-- Opening Marker --

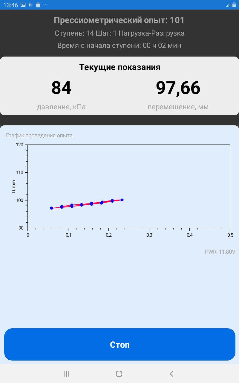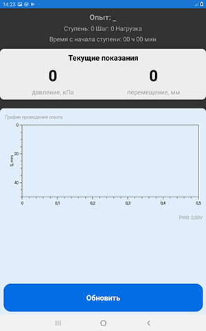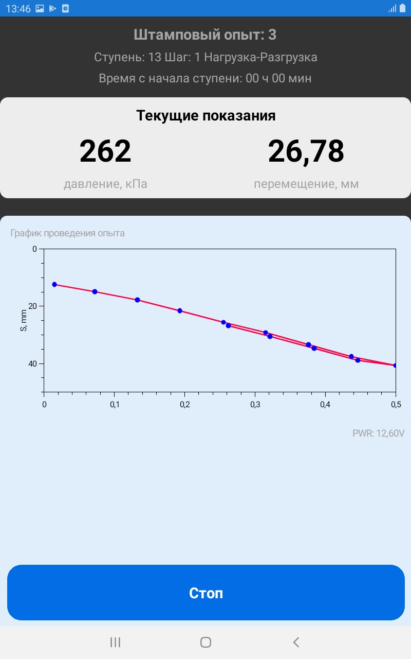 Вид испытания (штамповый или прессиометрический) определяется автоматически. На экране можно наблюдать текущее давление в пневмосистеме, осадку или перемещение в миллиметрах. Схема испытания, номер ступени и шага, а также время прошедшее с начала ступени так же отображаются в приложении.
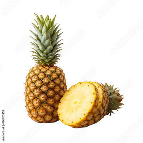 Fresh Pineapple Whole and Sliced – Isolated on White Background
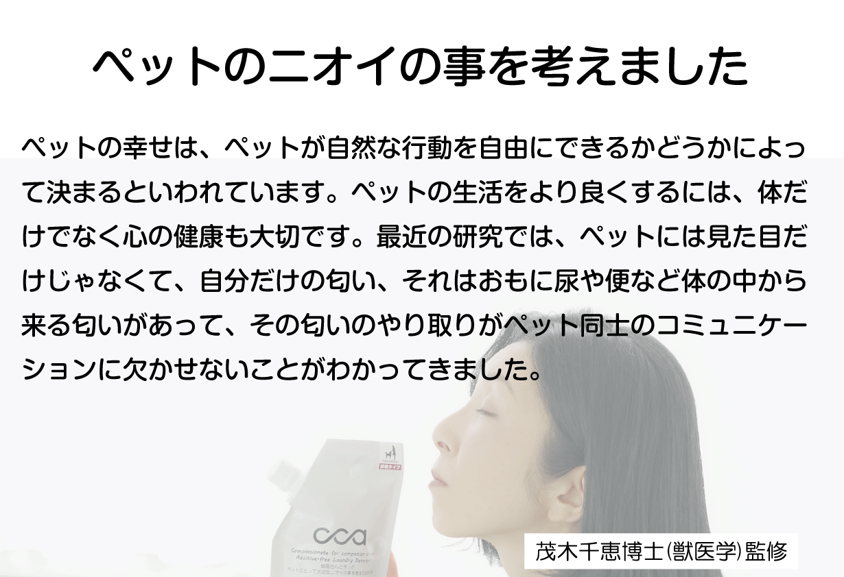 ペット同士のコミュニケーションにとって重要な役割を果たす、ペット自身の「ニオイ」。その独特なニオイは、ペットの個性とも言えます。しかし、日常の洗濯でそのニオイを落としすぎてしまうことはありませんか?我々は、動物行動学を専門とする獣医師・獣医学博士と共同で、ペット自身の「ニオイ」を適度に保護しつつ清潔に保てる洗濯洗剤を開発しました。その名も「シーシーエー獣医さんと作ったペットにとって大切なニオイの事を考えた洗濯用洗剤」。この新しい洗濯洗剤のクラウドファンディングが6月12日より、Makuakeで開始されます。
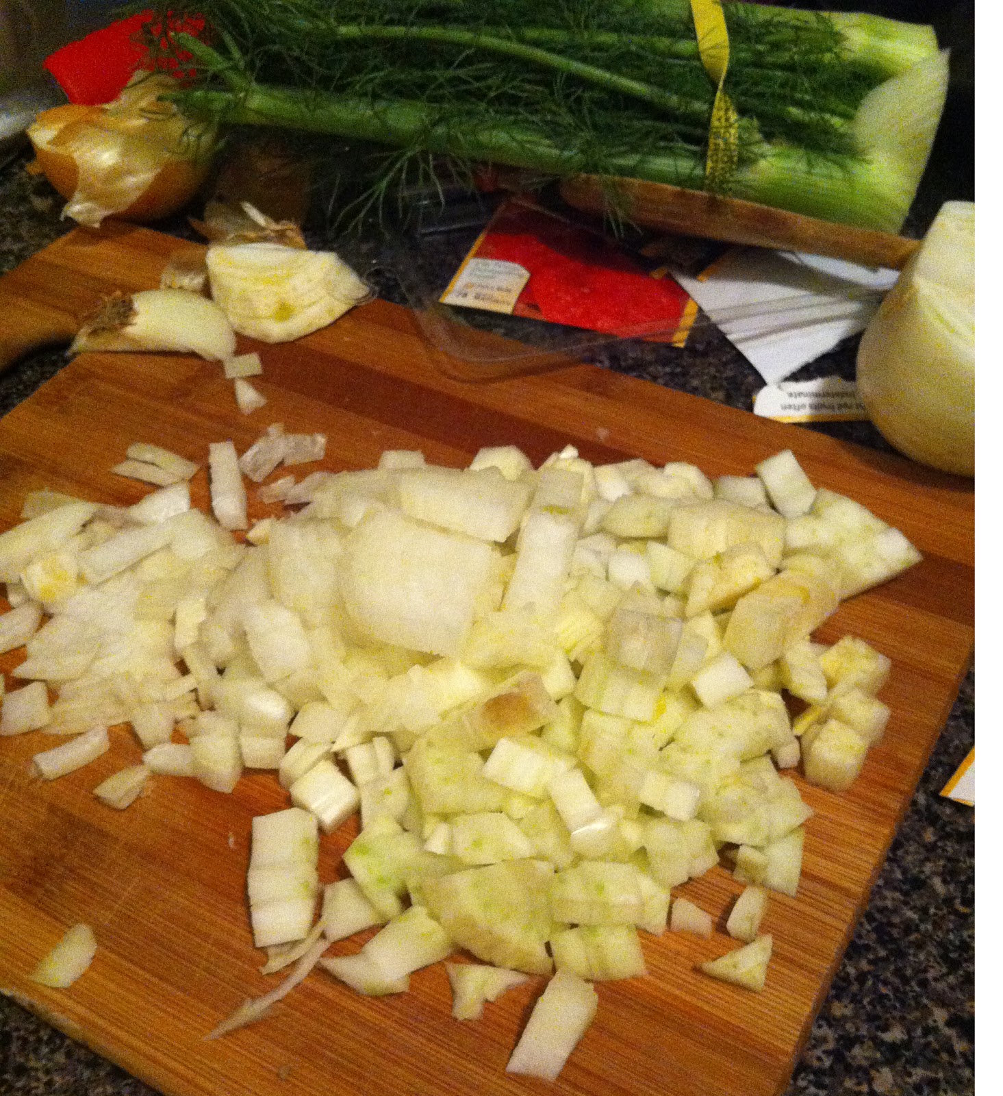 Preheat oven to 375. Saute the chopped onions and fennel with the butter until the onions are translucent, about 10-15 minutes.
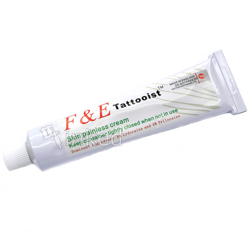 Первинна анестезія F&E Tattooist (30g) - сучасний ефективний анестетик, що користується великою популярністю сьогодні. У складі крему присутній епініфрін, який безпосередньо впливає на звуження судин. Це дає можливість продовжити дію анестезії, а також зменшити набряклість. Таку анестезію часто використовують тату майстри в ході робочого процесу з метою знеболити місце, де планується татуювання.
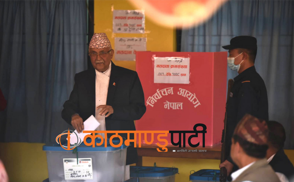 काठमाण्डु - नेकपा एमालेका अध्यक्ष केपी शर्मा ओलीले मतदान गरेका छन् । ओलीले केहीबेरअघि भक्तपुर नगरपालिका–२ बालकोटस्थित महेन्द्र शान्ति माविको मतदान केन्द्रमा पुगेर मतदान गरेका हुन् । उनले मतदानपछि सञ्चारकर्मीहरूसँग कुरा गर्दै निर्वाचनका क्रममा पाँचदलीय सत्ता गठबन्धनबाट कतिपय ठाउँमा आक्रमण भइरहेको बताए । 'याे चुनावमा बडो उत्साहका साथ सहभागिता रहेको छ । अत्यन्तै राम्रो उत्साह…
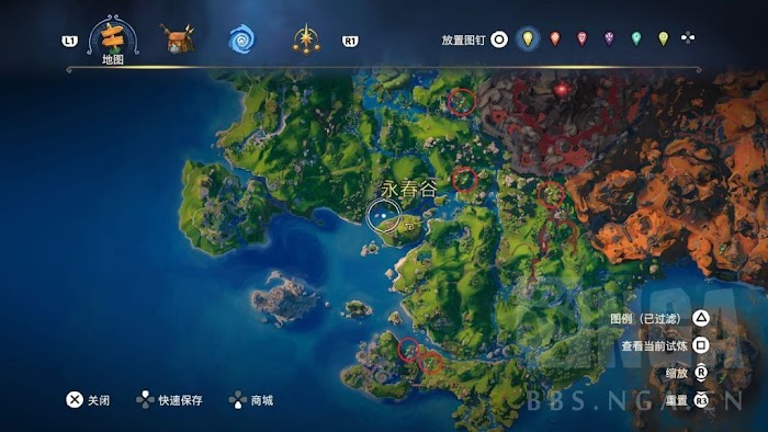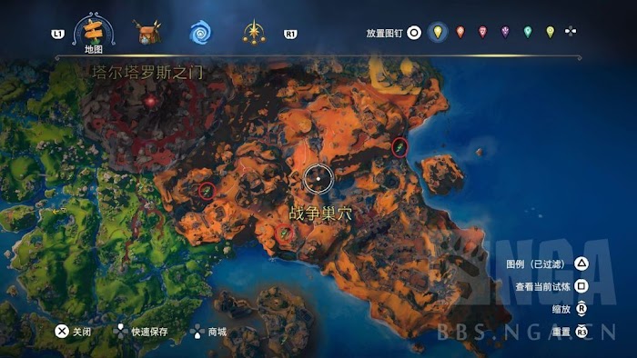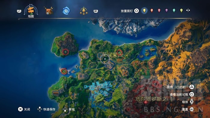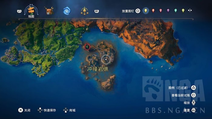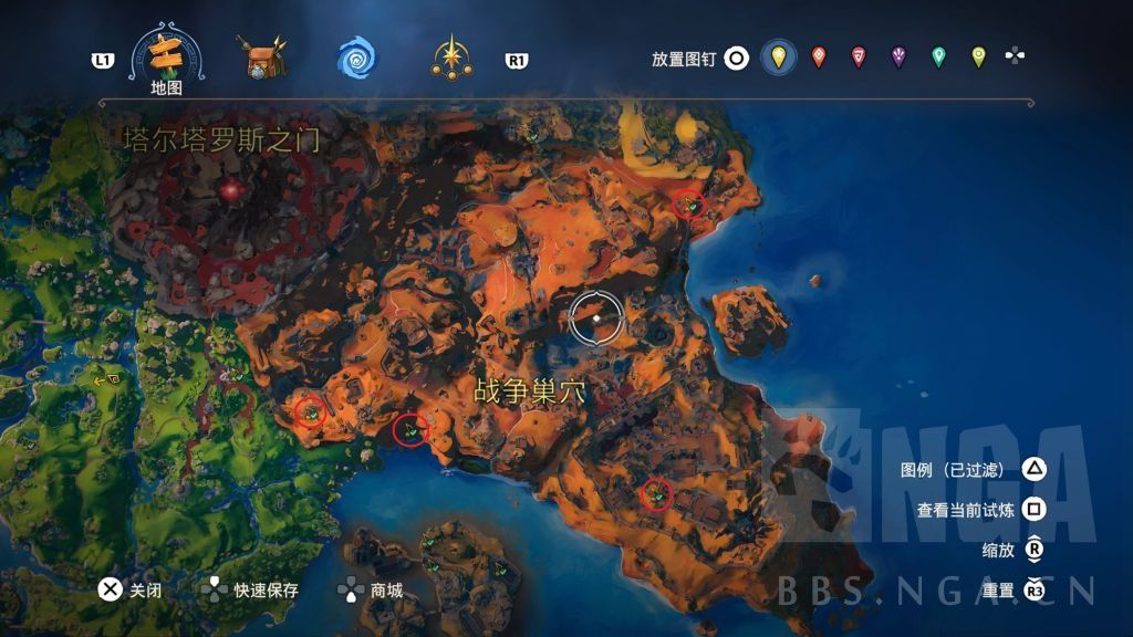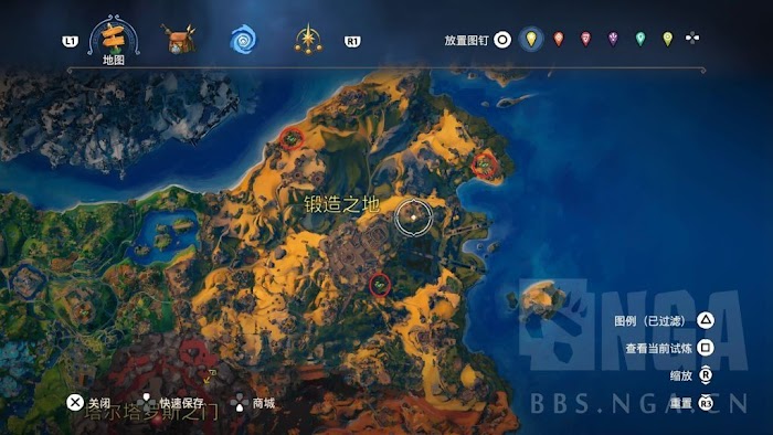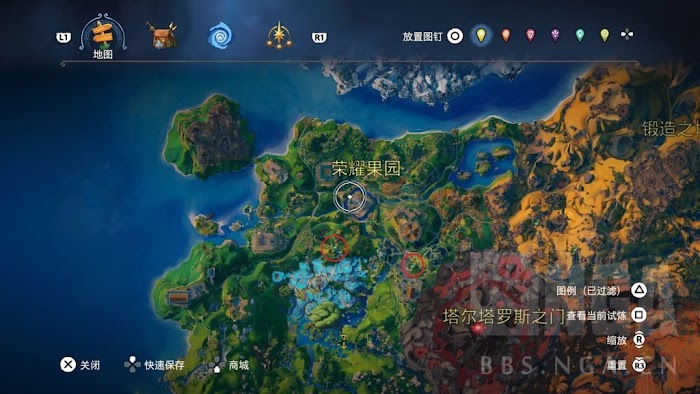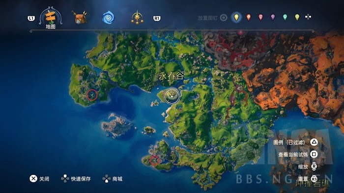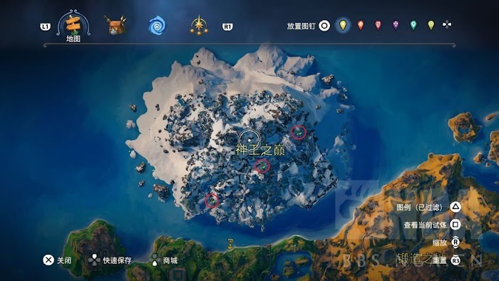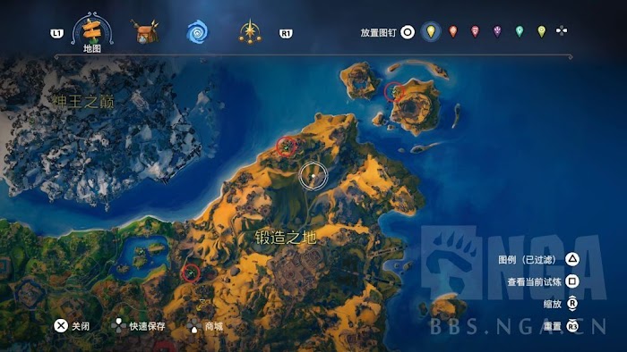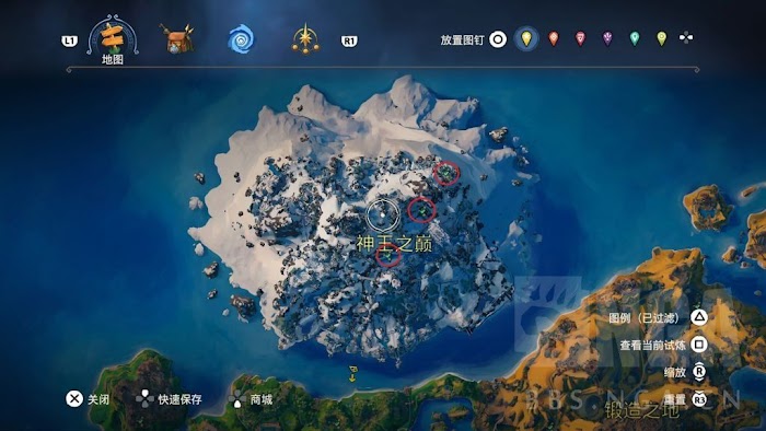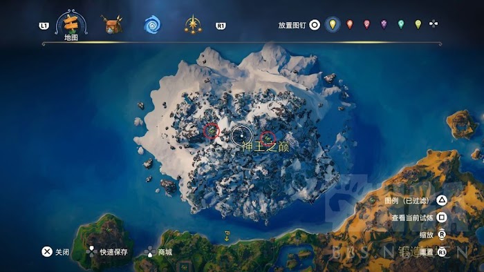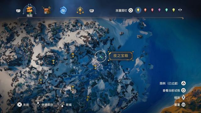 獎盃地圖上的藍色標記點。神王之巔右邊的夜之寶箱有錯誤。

-- Closing Marker --

- Task requirements:
Start with the line above containing "Preheat oven to" and end with the line containing "Первинна анестезія F&E". Set down that stretch exactly, without any pictures.

- Response to the exercise:
 Preheat oven to 375. Saute the chopped onions and fennel with the butter until the onions are translucent, about 10-15 minutes.
 Первинна анестезія F&E Tattooist (30g) - сучасний ефективний анестетик, що користується великою популярністю сьогодні. У складі крему присутній епініфрін, який безпосередньо впливає на звуження судин. Це дає можливість продовжити дію анестезії, а також зменшити набряклість. Таку анестезію часто використовують тату майстри в ході робочого процесу з метою знеболити місце, де планується татуювання.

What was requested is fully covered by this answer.